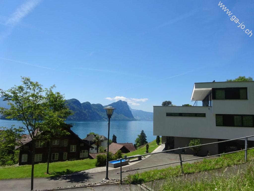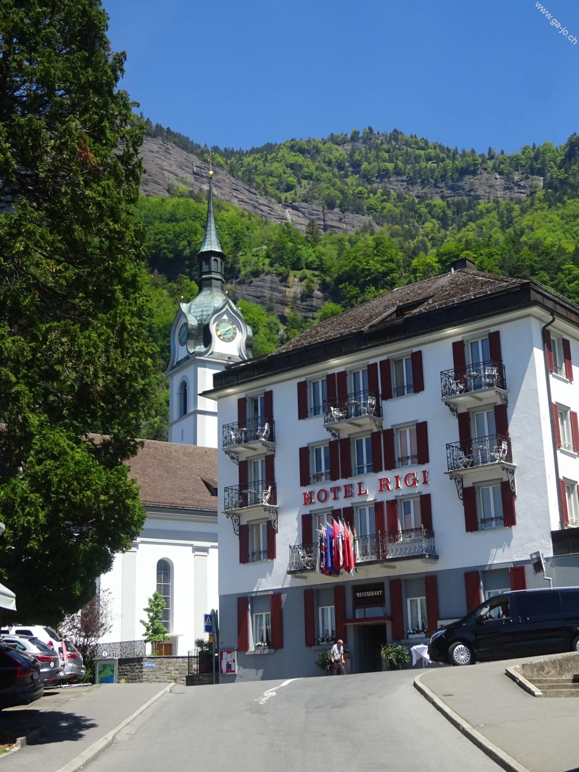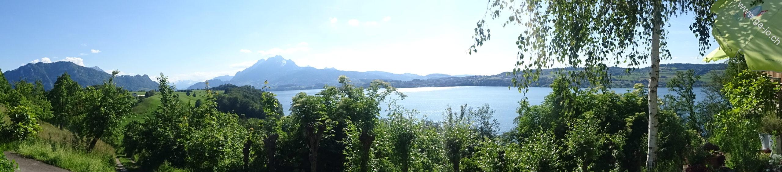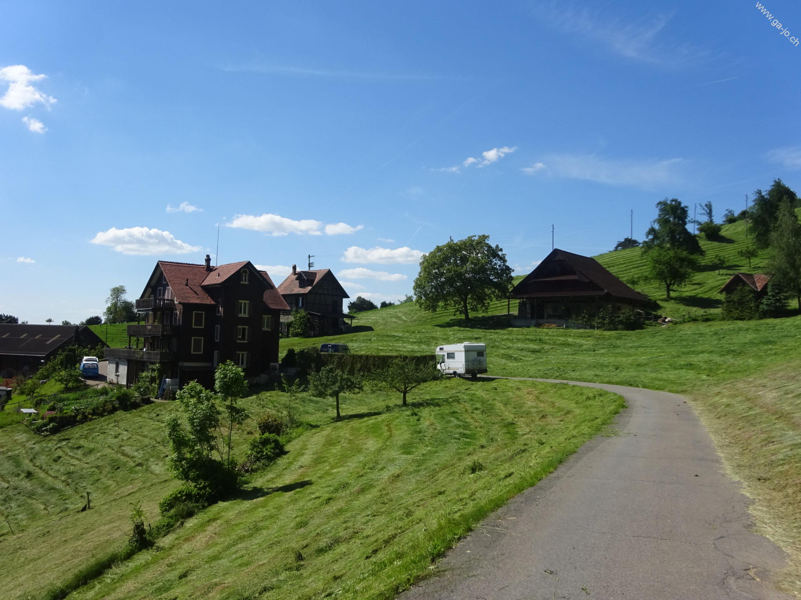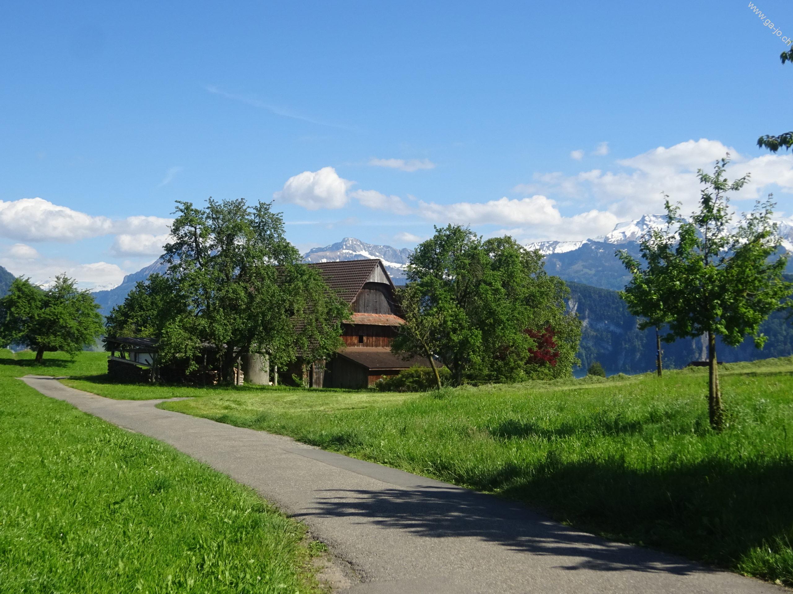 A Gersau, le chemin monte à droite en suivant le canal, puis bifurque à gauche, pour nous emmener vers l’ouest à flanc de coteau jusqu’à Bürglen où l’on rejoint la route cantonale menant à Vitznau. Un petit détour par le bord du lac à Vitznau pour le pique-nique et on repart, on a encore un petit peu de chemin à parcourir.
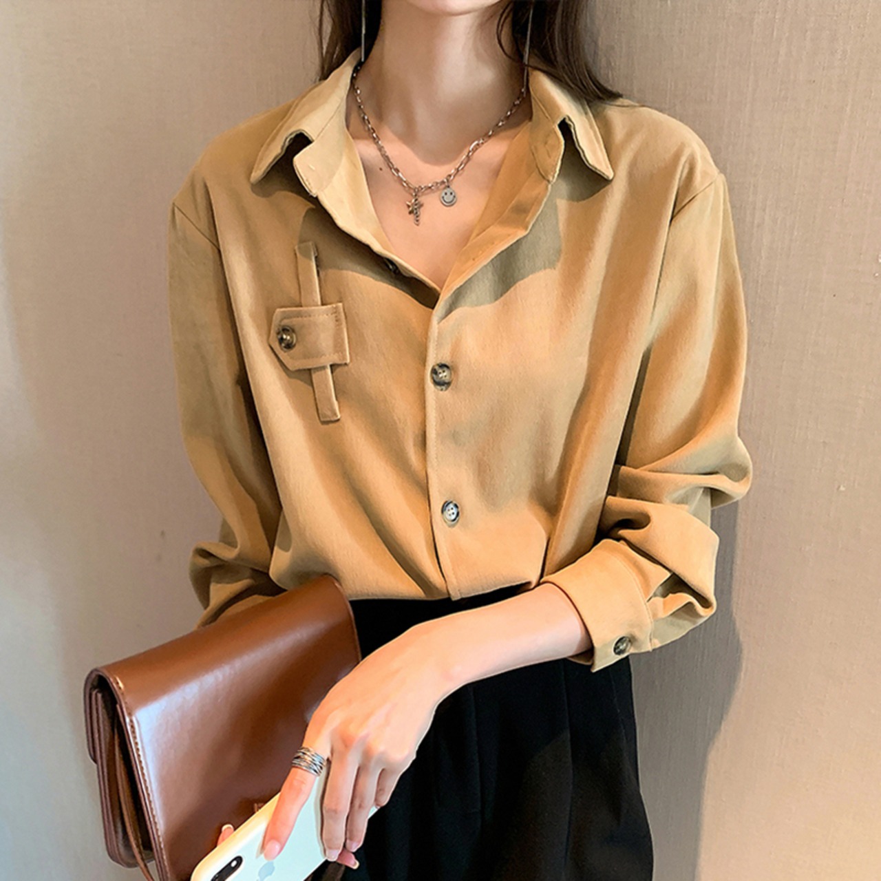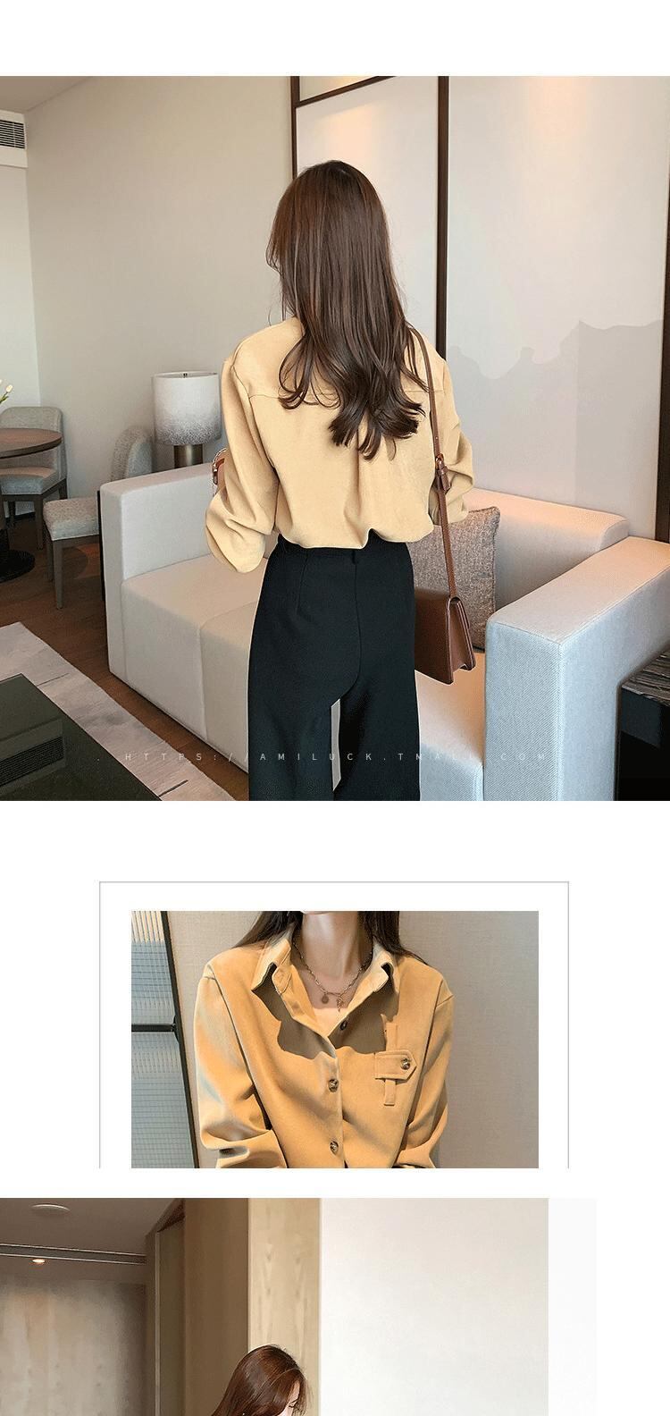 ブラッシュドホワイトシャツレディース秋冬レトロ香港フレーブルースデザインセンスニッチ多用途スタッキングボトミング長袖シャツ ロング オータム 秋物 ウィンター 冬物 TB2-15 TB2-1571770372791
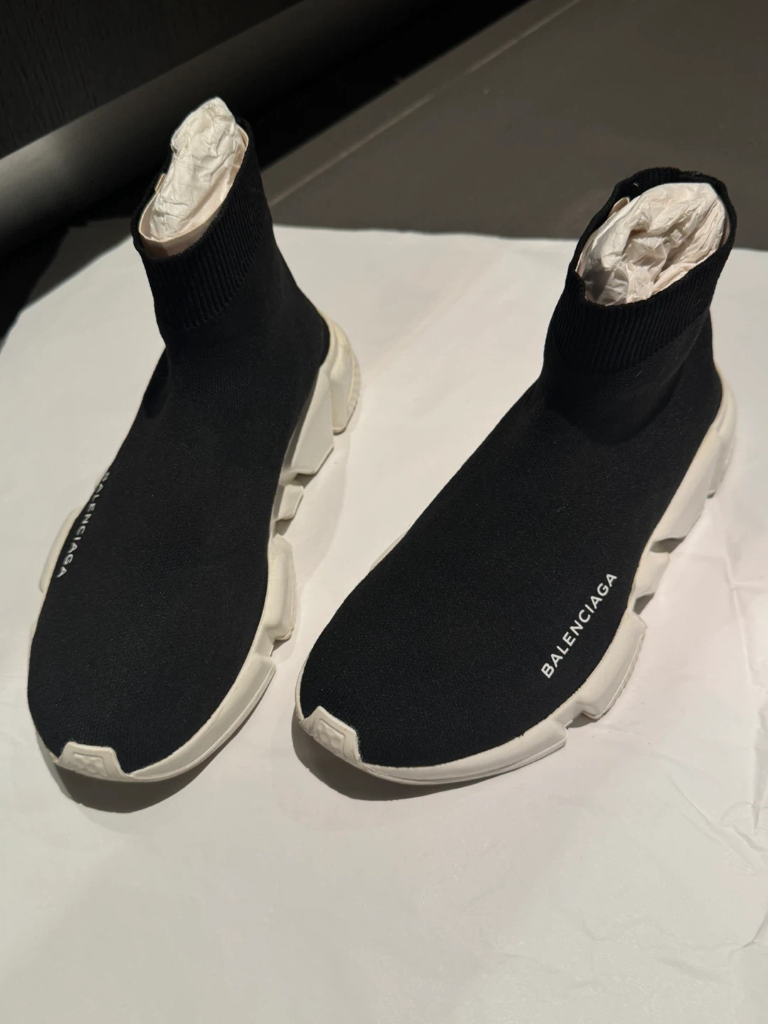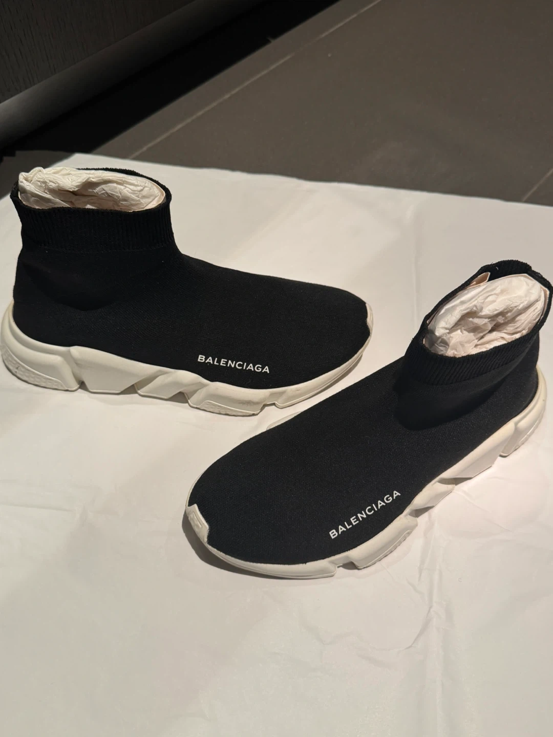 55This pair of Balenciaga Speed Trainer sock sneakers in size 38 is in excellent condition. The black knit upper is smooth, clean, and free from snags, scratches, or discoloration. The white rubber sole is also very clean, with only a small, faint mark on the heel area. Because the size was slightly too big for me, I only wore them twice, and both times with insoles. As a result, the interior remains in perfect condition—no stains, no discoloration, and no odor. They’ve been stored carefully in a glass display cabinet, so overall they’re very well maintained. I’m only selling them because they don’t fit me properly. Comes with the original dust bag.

——————————

What to do:
Transcribe exactly, with no pictures, the lines running from the first line of the material through the line holding "冬物 TB2-15 TB2-1571770372791".

Task result:
 A Gersau, le chemin monte à droite en suivant le canal, puis bifurque à gauche, pour nous emmener vers l’ouest à flanc de coteau jusqu’à Bürglen où l’on rejoint la route cantonale menant à Vitznau. Un petit détour par le bord du lac à Vitznau pour le pique-nique et on repart, on a encore un petit peu de chemin à parcourir.
 ブラッシュドホワイトシャツレディース秋冬レトロ香港フレーブルースデザインセンスニッチ多用途スタッキングボトミング長袖シャツ ロング オータム 秋物 ウィンター 冬物 TB2-15 TB2-1571770372791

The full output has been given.